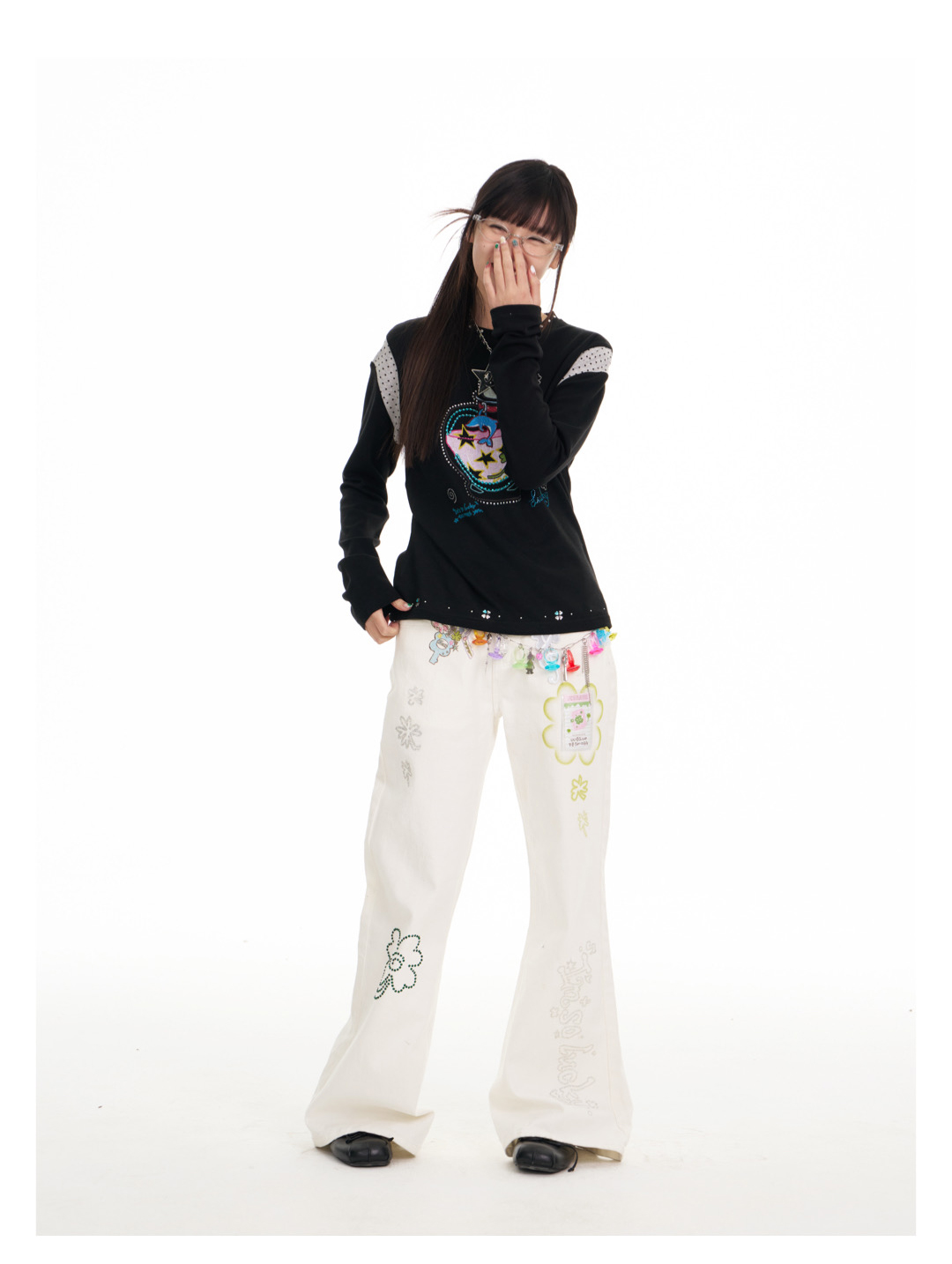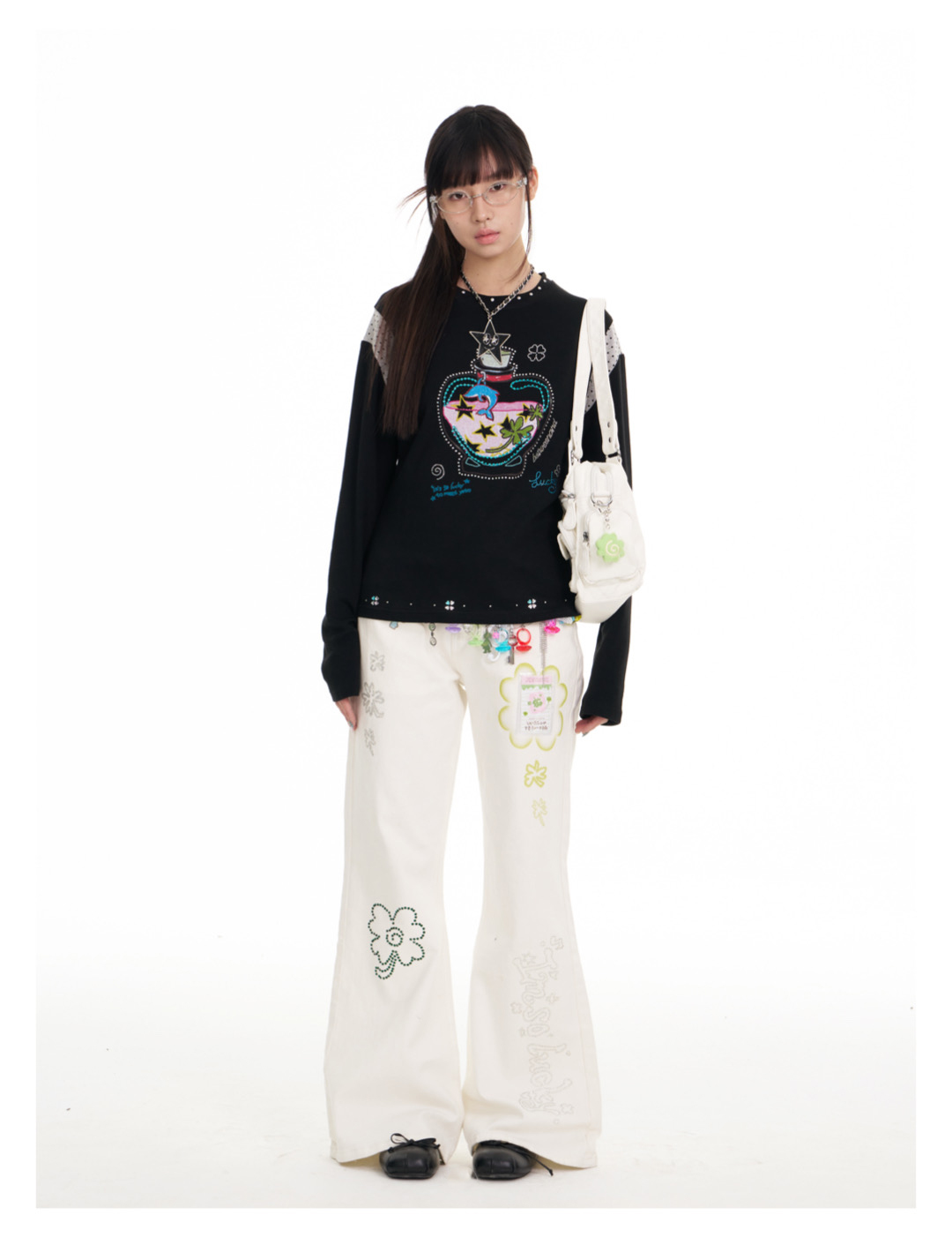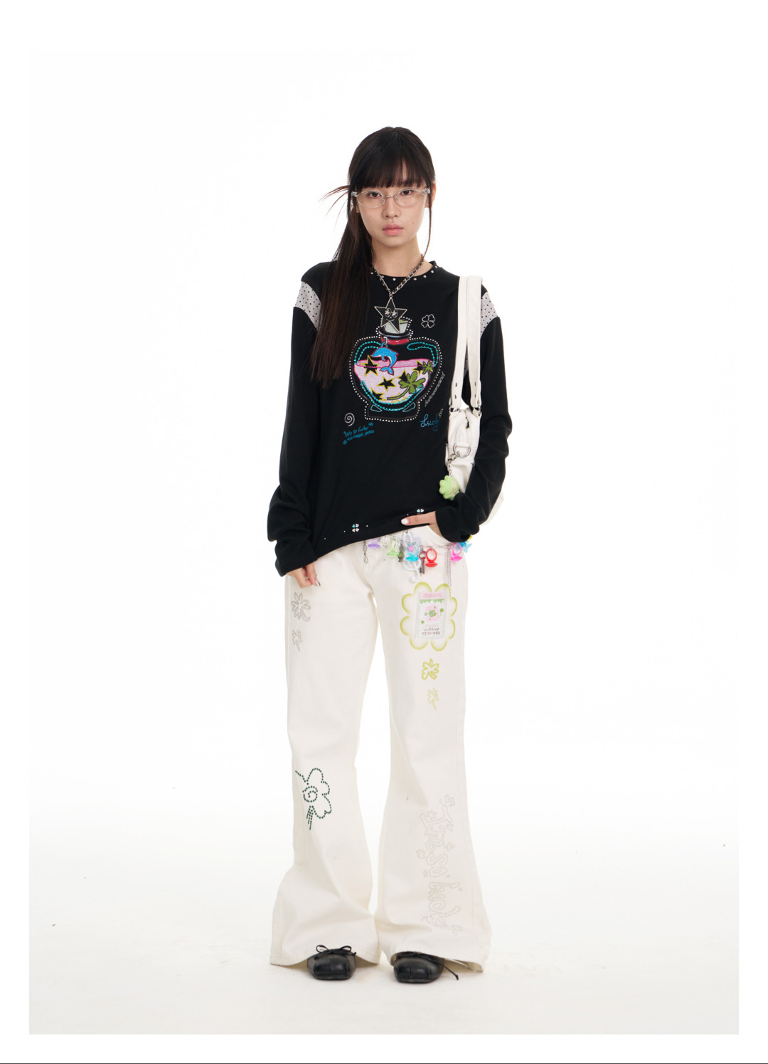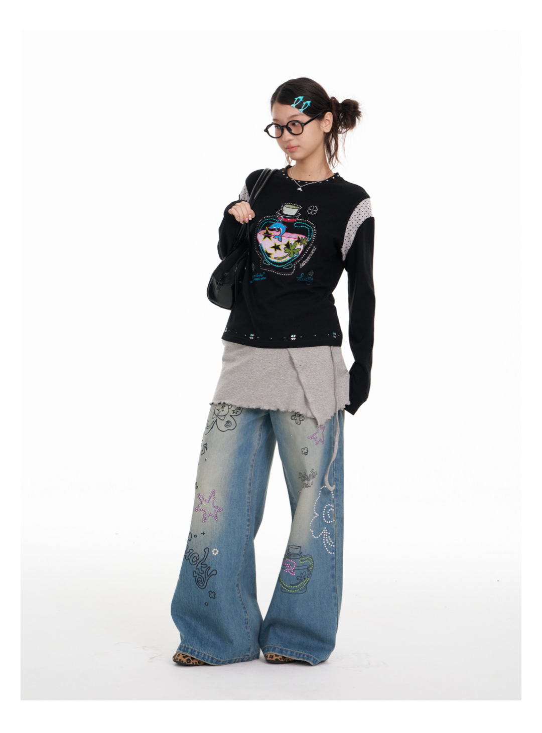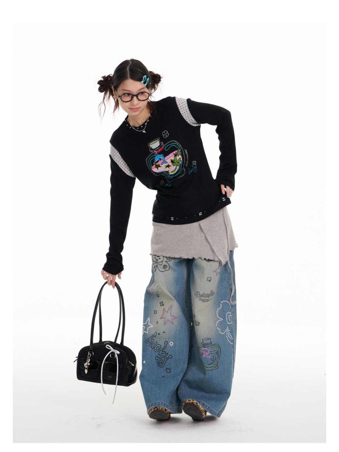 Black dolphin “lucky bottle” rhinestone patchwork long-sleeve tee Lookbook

...

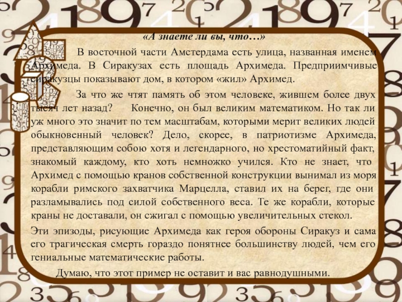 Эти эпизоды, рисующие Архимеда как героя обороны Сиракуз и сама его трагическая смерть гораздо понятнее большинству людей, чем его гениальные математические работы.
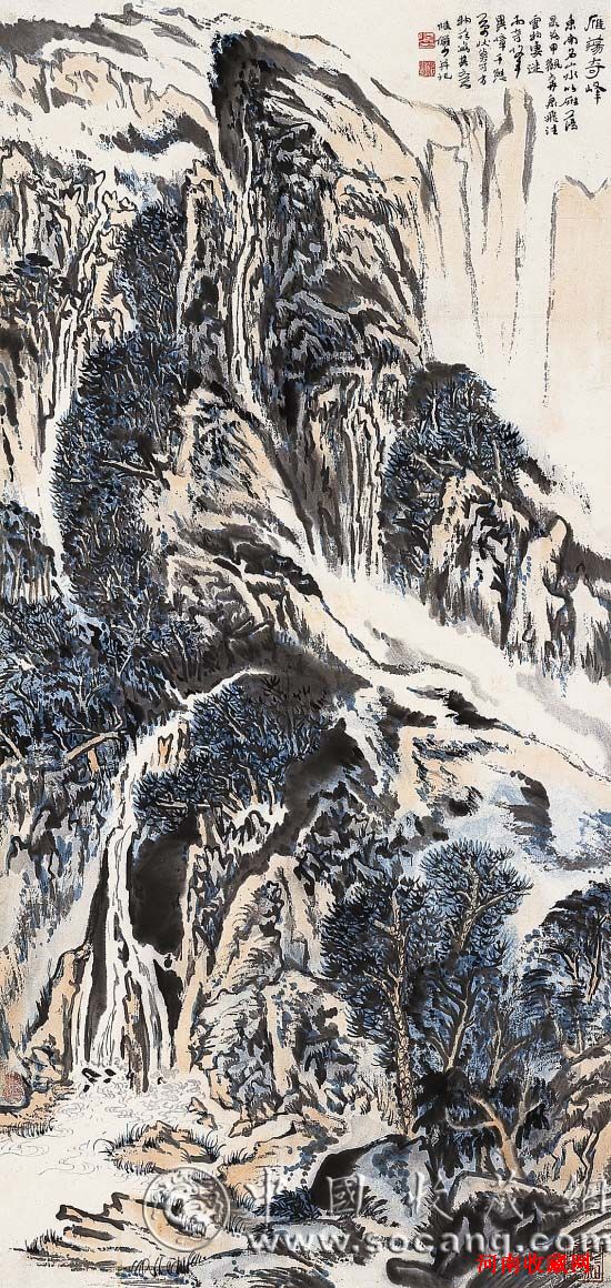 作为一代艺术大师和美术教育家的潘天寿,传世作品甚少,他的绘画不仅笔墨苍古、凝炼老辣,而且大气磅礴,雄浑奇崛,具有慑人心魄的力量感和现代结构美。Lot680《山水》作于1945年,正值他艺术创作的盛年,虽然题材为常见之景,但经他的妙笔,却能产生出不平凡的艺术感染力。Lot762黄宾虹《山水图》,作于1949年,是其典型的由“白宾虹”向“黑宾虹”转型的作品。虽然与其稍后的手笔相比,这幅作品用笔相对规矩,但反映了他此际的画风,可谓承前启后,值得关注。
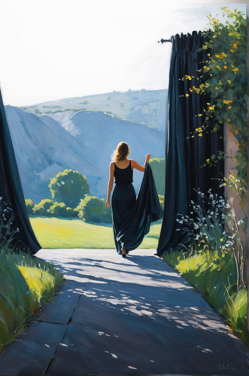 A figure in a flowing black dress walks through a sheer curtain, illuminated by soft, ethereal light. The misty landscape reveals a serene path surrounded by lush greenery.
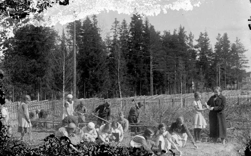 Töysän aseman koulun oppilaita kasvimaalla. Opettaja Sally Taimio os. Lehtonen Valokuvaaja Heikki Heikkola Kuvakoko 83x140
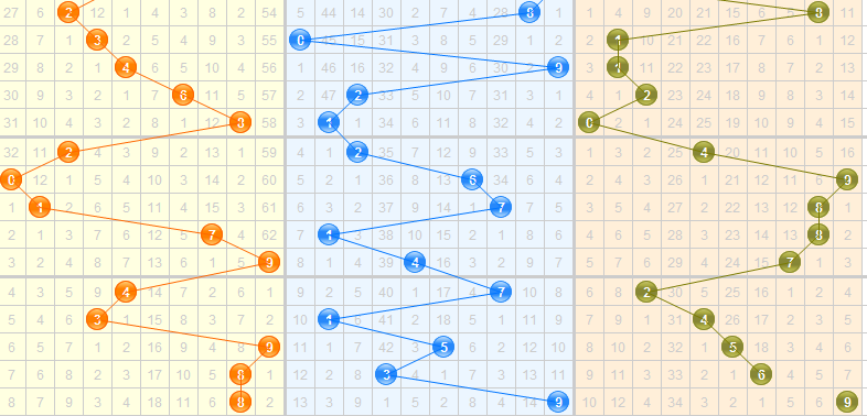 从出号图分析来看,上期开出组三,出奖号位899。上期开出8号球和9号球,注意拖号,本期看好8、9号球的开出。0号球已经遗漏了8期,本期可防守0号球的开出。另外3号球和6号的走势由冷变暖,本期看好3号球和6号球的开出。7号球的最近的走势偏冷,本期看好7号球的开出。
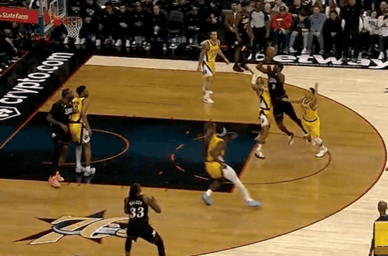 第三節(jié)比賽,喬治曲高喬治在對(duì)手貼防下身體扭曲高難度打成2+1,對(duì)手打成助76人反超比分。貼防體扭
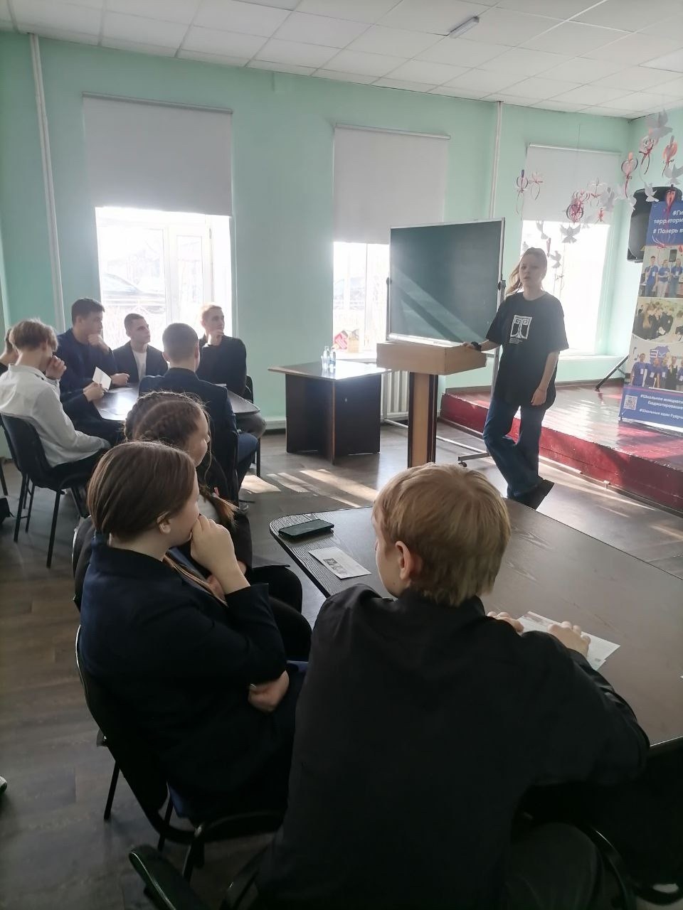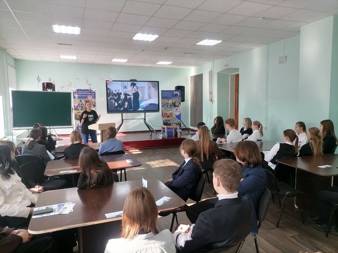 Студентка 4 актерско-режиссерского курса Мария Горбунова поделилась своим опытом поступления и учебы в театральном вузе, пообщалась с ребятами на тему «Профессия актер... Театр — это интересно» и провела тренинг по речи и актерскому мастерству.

---

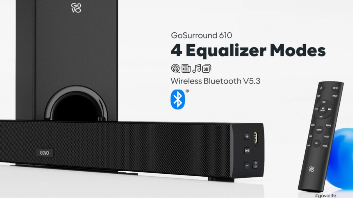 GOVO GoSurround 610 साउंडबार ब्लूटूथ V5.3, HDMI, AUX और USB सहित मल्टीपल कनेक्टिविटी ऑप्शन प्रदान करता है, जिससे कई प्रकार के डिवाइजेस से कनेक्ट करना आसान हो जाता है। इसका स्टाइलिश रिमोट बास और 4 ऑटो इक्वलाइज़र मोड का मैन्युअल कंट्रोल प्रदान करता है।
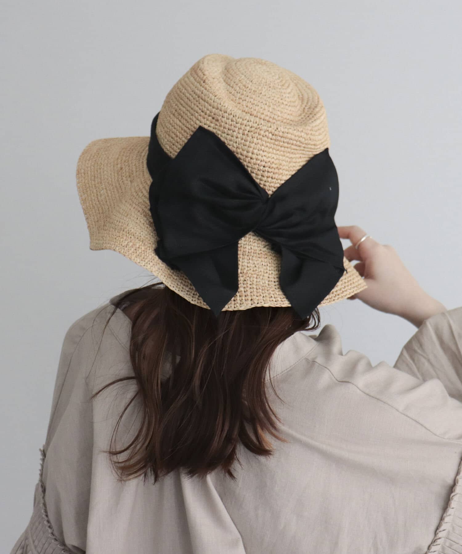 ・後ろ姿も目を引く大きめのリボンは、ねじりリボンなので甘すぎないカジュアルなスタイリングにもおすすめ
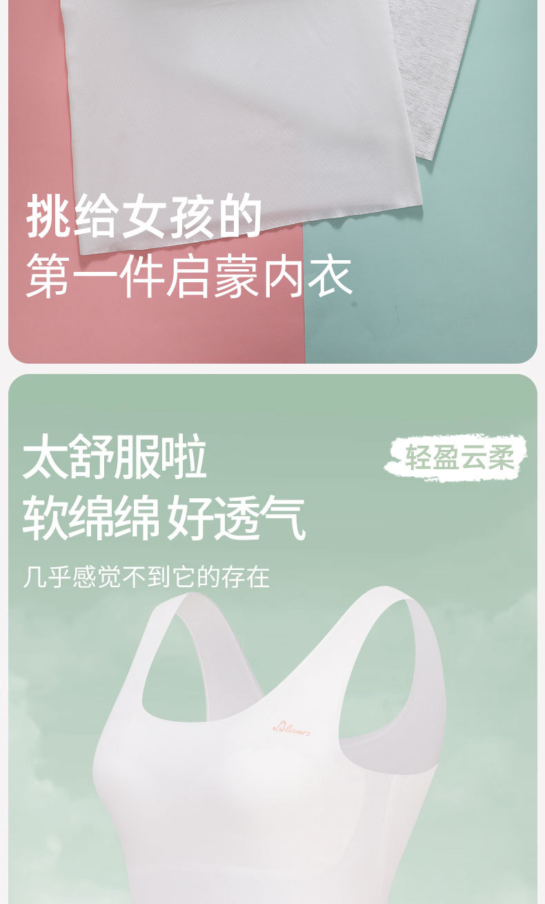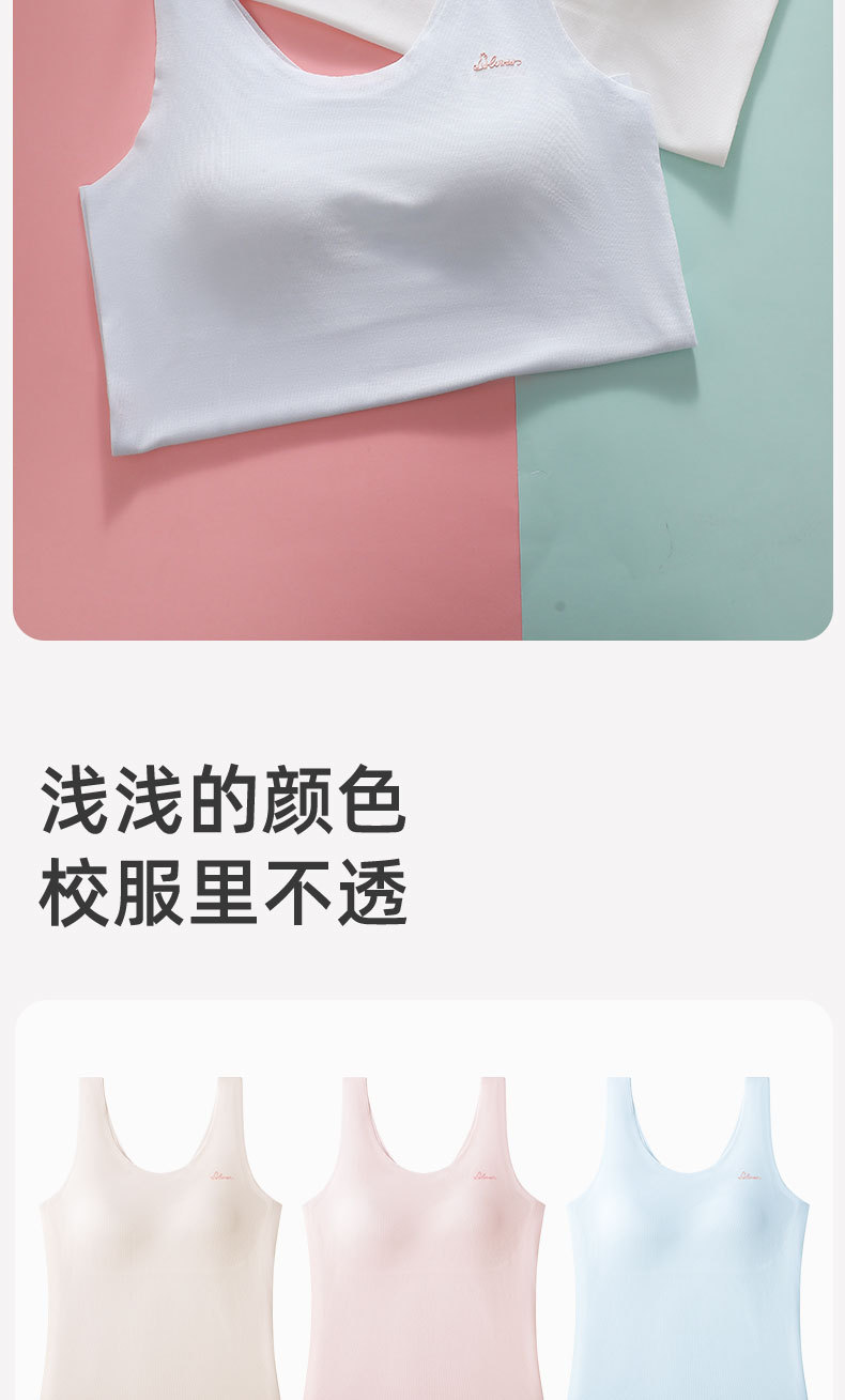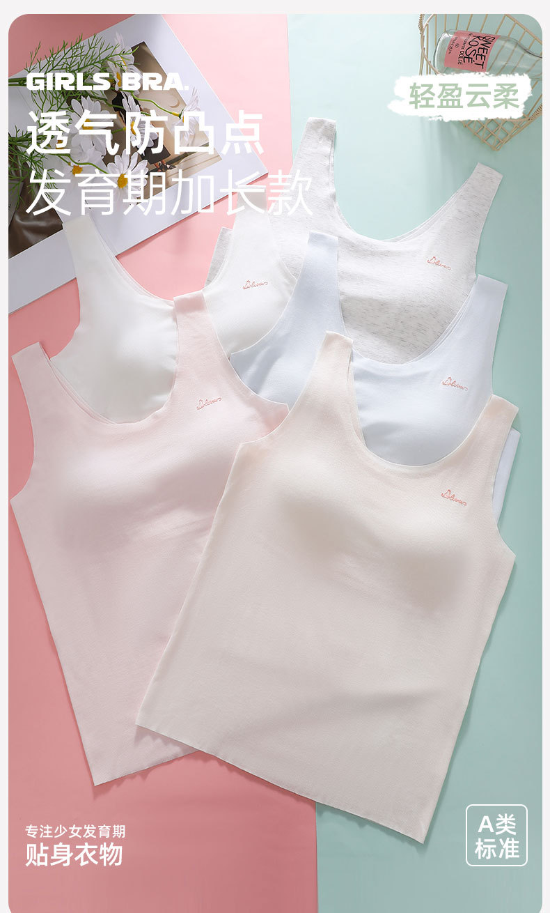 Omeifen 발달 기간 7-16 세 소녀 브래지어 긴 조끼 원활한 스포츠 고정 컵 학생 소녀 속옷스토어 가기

_Work to be completed_
Look above for the line with "GOVO GoSurround 610" and copy exactly from it through the line with "Omeifen 발달 기간", both included. Omit the pictures.

_Exercise response_
 GOVO GoSurround 610 साउंडबार ब्लूटूथ V5.3, HDMI, AUX और USB सहित मल्टीपल कनेक्टिविटी ऑप्शन प्रदान करता है, जिससे कई प्रकार के डिवाइजेस से कनेक्ट करना आसान हो जाता है। इसका स्टाइलिश रिमोट बास और 4 ऑटो इक्वलाइज़र मोड का मैन्युअल कंट्रोल प्रदान करता है।
 ・後ろ姿も目を引く大きめのリボンは、ねじりリボンなので甘すぎないカジュアルなスタイリングにもおすすめ
 Omeifen 발달 기간 7-16 세 소녀 브래지어 긴 조끼 원활한 스포츠 고정 컵 학생 소녀 속옷스토어 가기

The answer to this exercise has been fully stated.